The pictures are to be left out, and all remaining data is to be transcribed exactly as it appears.

> **Dataset extract**
★ ★ ★

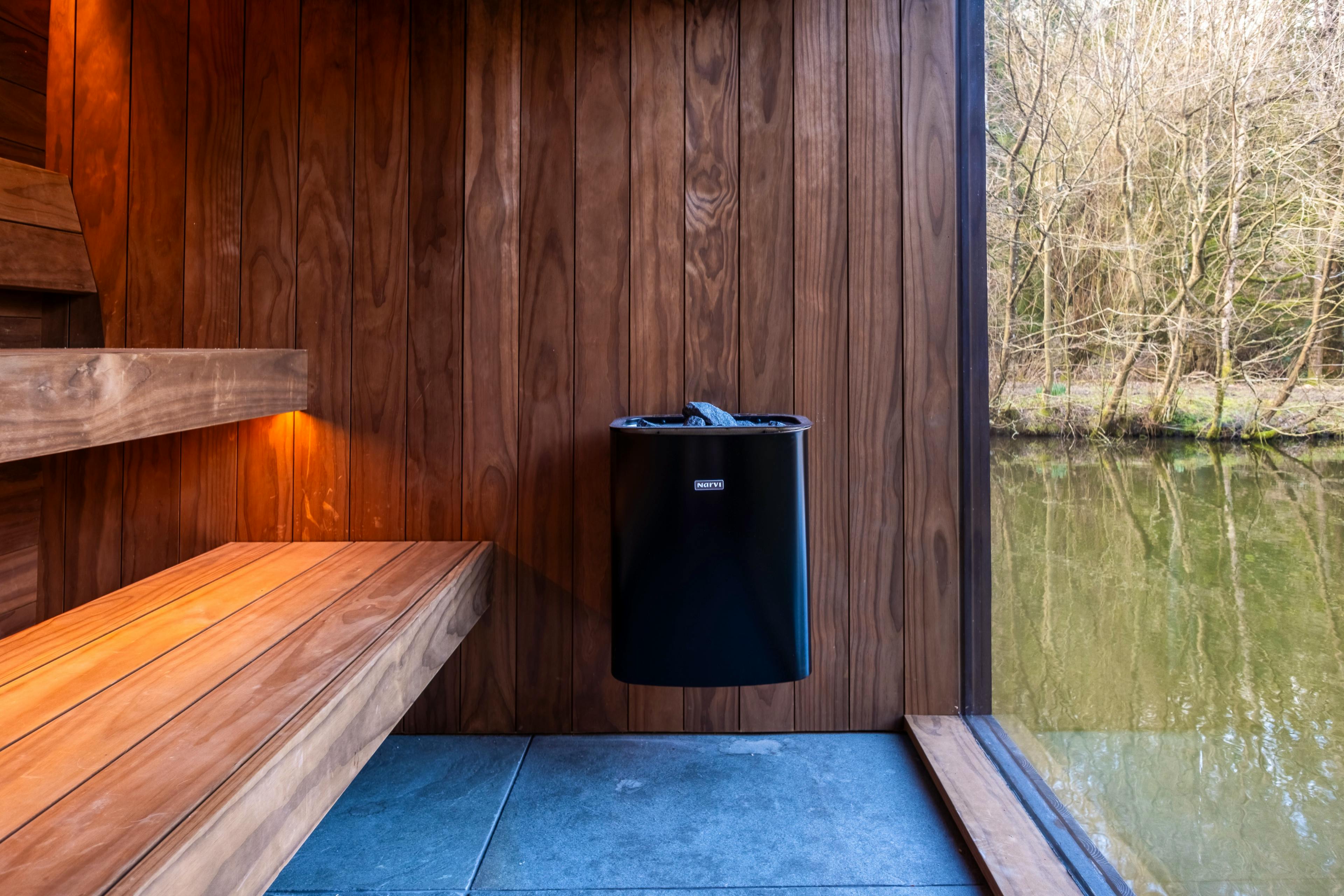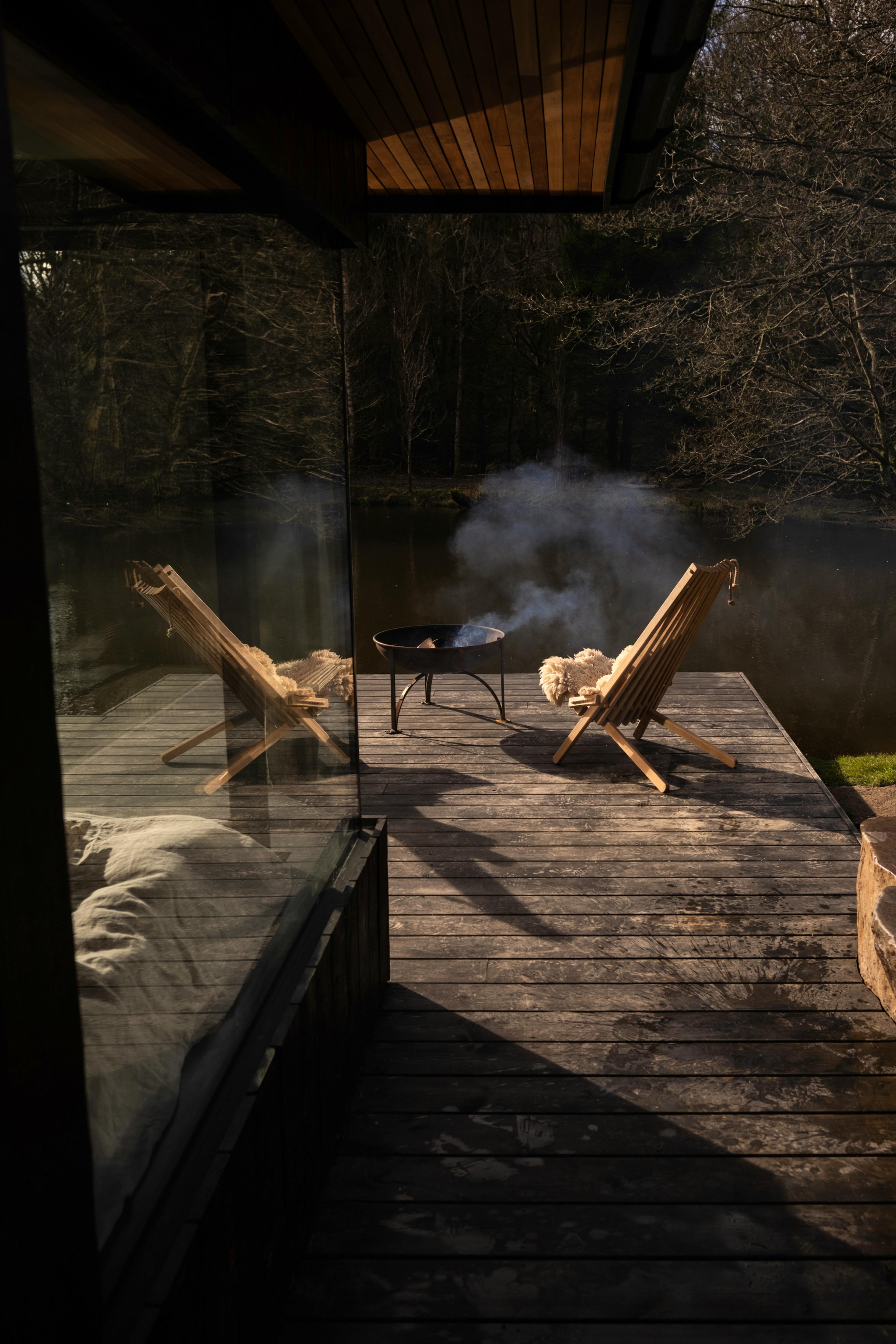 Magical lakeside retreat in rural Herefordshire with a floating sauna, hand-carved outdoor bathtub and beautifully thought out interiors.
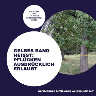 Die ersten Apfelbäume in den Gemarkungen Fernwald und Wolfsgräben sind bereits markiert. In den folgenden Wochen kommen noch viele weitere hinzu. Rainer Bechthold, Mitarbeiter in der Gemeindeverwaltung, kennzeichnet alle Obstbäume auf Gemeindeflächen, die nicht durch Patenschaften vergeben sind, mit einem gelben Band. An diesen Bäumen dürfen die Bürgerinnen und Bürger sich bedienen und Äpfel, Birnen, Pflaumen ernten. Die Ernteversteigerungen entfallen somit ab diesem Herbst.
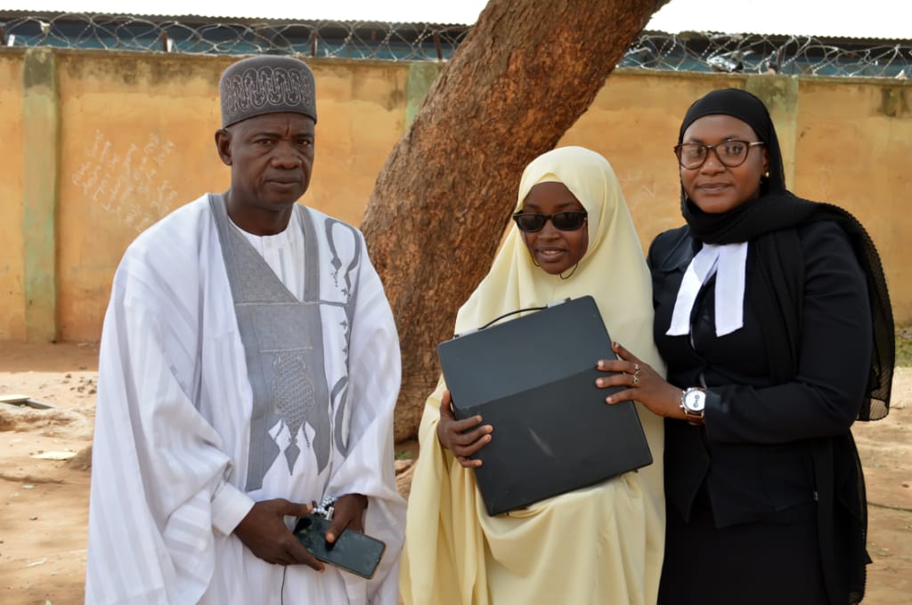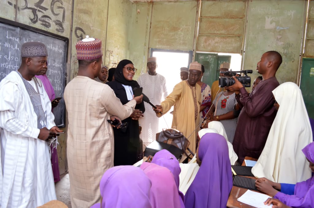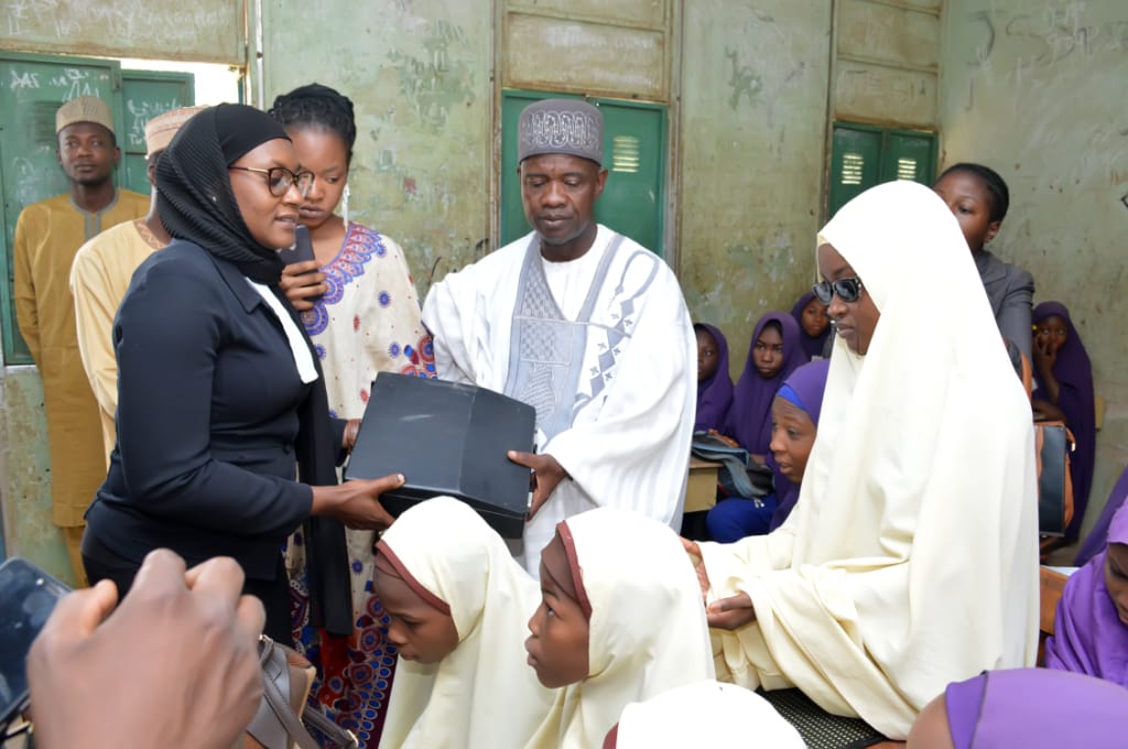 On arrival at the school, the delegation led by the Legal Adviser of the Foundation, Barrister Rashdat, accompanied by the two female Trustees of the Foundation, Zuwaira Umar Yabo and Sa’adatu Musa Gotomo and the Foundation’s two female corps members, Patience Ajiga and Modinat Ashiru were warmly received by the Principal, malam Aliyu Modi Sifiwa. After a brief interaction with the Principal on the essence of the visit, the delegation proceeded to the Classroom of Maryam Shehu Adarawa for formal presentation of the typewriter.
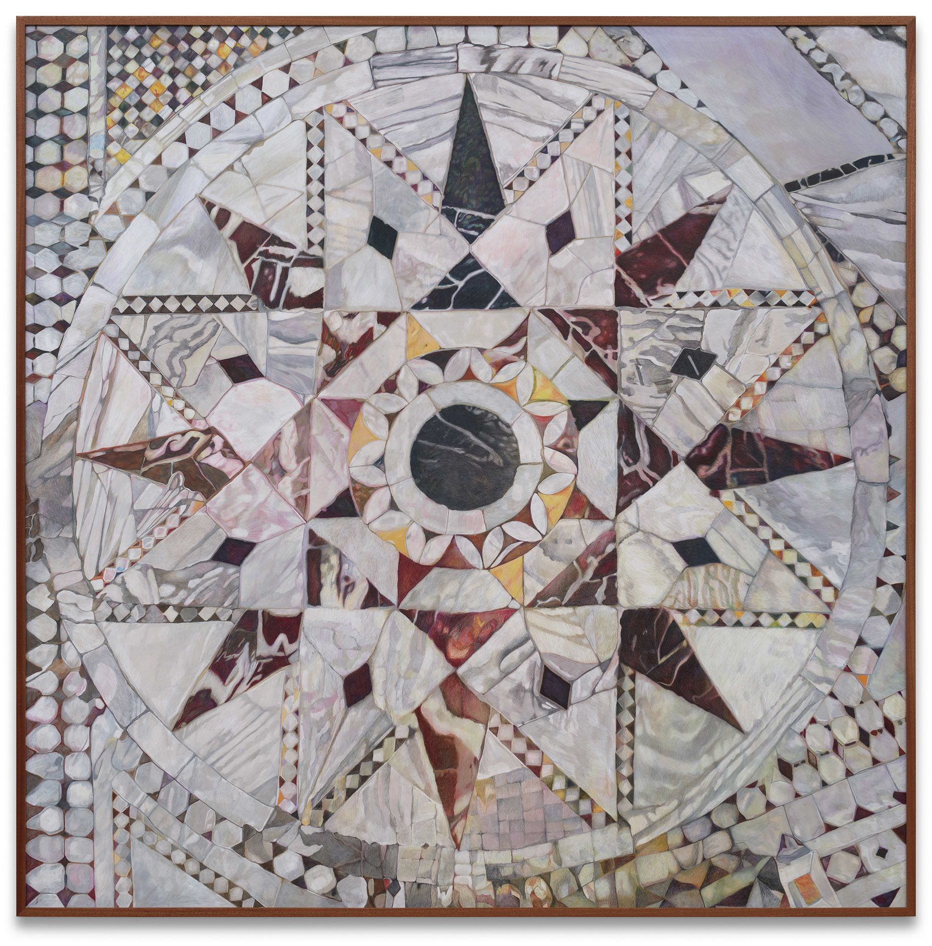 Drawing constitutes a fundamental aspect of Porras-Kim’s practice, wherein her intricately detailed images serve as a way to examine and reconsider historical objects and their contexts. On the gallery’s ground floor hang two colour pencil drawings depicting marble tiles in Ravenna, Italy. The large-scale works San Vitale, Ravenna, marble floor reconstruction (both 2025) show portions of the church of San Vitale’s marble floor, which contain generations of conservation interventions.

★ ★ ★

> **Answer section**
 Magical lakeside retreat in rural Herefordshire with a floating sauna, hand-carved outdoor bathtub and beautifully thought out interiors.
 Die ersten Apfelbäume in den Gemarkungen Fernwald und Wolfsgräben sind bereits markiert. In den folgenden Wochen kommen noch viele weitere hinzu. Rainer Bechthold, Mitarbeiter in der Gemeindeverwaltung, kennzeichnet alle Obstbäume auf Gemeindeflächen, die nicht durch Patenschaften vergeben sind, mit einem gelben Band. An diesen Bäumen dürfen die Bürgerinnen und Bürger sich bedienen und Äpfel, Birnen, Pflaumen ernten. Die Ernteversteigerungen entfallen somit ab diesem Herbst.
 On arrival at the school, the delegation led by the Legal Adviser of the Foundation, Barrister Rashdat, accompanied by the two female Trustees of the Foundation, Zuwaira Umar Yabo and Sa’adatu Musa Gotomo and the Foundation’s two female corps members, Patience Ajiga and Modinat Ashiru were warmly received by the Principal, malam Aliyu Modi Sifiwa. After a brief interaction with the Principal on the essence of the visit, the delegation proceeded to the Classroom of Maryam Shehu Adarawa for formal presentation of the typewriter.
 Drawing constitutes a fundamental aspect of Porras-Kim’s practice, wherein her intricately detailed images serve as a way to examine and reconsider historical objects and their contexts. On the gallery’s ground floor hang two colour pencil drawings depicting marble tiles in Ravenna, Italy. The large-scale works San Vitale, Ravenna, marble floor reconstruction (both 2025) show portions of the church of San Vitale’s marble floor, which contain generations of conservation interventions.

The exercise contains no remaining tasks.